En Madrid tenemos la ocasión de disfrutar en el Museo del Prado de una exposición temporal de fondos del Hermitage del hoy San Petersburgo. Hasta allí dirigí mis pasos, acompañado de mi hija, en una fresca mañana del otoño madrileño. Pedro el Grande y Catalina II nos reciben a la entrada en dos magníficos retratos que te inician en el ambiente palaciego de la corte de los Zares. A continuación las piezas arqueológicas de tribus nómadas siberianas y de los Escitas de los siglos V y IV a.C muestran el grado de desarrollo de la orfebrería y las influencias griegas en estos últimos.
La pintura completa las salas siguientes con obras notables como el Tañedor de Laud de Caravaggio o San Sebastian de Tiziano. Los lienzos se complementan con esculturas, alguna de ellas como La Magdalena de Canova que confirma mi pasión por la escultura, no muy abundante en el Prado.

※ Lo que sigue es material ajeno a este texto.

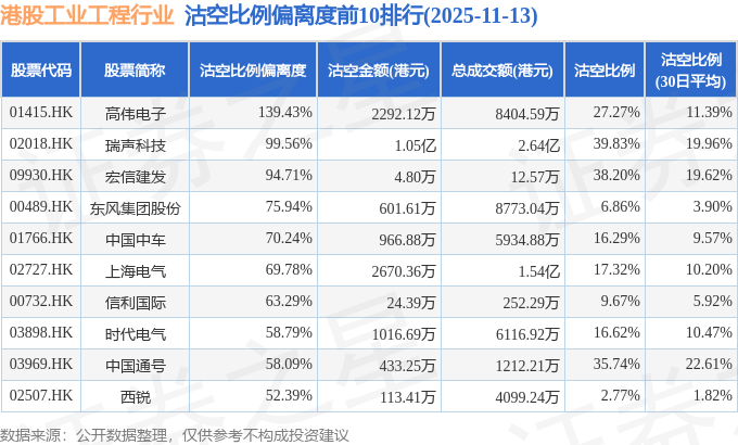 从沽空比例偏离度来看,高伟电子、瑞声科技、宏信建发沽空比例偏离度位居行业前三,分别为139.43%、99.56%、94.71%。

Cierra la exposición la sala de impresionistas, post-impresionistas y abstractos, entre los que destacaría la Mujer con sombrero negro de Kees Van Doongen y la luminosidad, simbología y tamaño de la Composición VI del genio del arte abstracto Wasily Kandinsky que cierra la sala y que alabaría Clement Greenberg. Al girarnos, ya para salir, nos sorprende al lado de la puerta el pequeño Cuadro Negro de Malevich, que no te deja indiferente en su cumbre del suprematismo: la supremacía de la nada y el mundo de la no representación. En mi caso, tanta abstracción incita un poco al materialismo qué me llama para recuperar fuerzas con un frugal viático, a la vista de la hora.

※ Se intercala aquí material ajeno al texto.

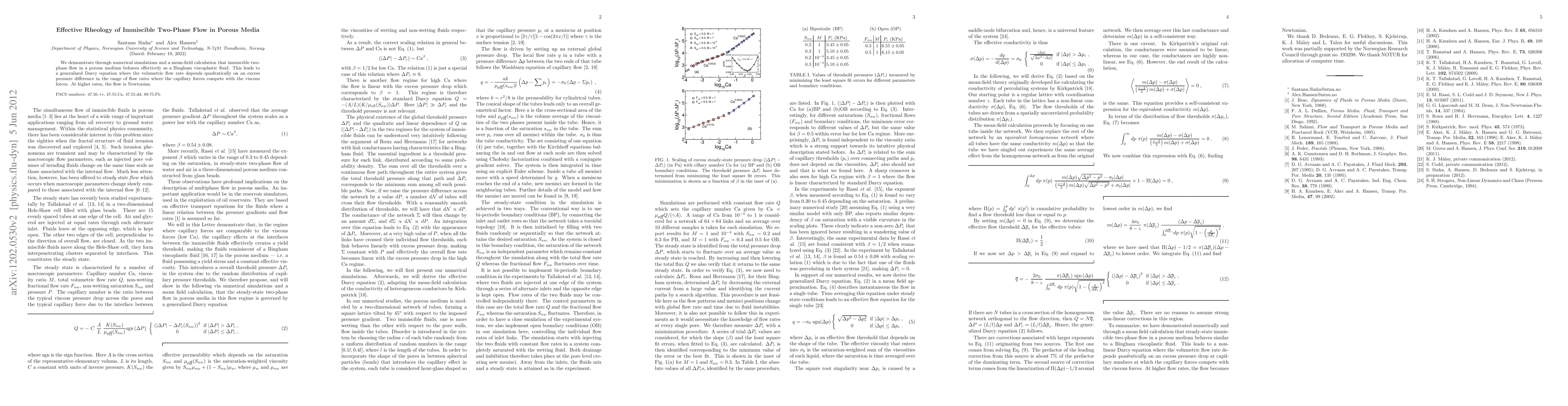 This study reveals that immiscible two-phase flow in porous media behaves like a Bingham viscoplastic fluid, leading to a generalized Darcy equation where flow rate depends quadratically on excess pressure differences at moderate flow rates, transitioning to Newtonian behavior at higher rates.

En el paseo de regreso a recoger el coche un letrero de cerámica en la esquina de Casado del Alisal con Moreto llama mi atención, pues reza “CASA DE GALICIA”, así que oigo la llamada de la tierra: "airiños, airiños aires, airiños da miña terra...." y me digo: - “ahí vamos a celebrar la exposición”. En la vacía y amplia entrada solo un guardia de seguridad nos observa inquisitivo, y le digo a mi hija: -“creo que nos quedamos sin pulpo”, y pregunto al vigilante: -“oyó… ¿dónde está el Restaurante? El sorprendido vigilante me explica que aquello es la Delegación de la Xunta de Galicia y que allí no hay restaurante. “Pero en la puerta pone CASA DE GALICIA” “entonces… ¿aquí no hay empanada?” pregunto; “no, no” añade el amable y paciente vigilante; “que pena, no estaría mal” digo yo, a lo que él asiente mientras sonrie. Total, que me voy a palo seco, como los rusos con Gorbachov pero con el frescor del "Diluvio Universal" (Composición VI) de Kandinsky.

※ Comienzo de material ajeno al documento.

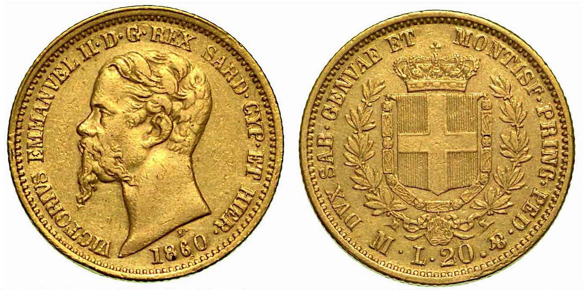 REGNO DI SARDEGNA. Vittorio Emanuele II di Savoia, re eletto 1849-1861., 20 Lire 1860, zecca di Milano. Testa a s. R/ Stemma sabaudo. Gig. 20. Oro. g. 6,41. BB/SPL

Al regreso a casa me entero por la página web que el edificio es el Palacio de Amezúa, adquirido por la Xunta en 1992. Quince personas componen el elenco laboral de la Delegación, me imagino que sin contar un par de conductores que se veían en el garaje en donde lucían tres Audi. Una rápida reingeniería de procesos mental, a la vista de las funciones que tiene, me hace dudar de la necesidad de este organismo en la actual situación económica: un Palacio en propiedad en pleno barrio de los Austrias, una abundante plantilla y una pequeña flota de automóviles de gama alta. En fin, solo espero que no sea igual con todas las Comunidades Autónomas, y me pregunto si los gallegos (incluyendo en esta ocasión a los de Ferrol, sin que sirva de precedente) necesitamos representar nuestros intereses en la Corte con un organismo semejante y si no hay alternativas más económicas.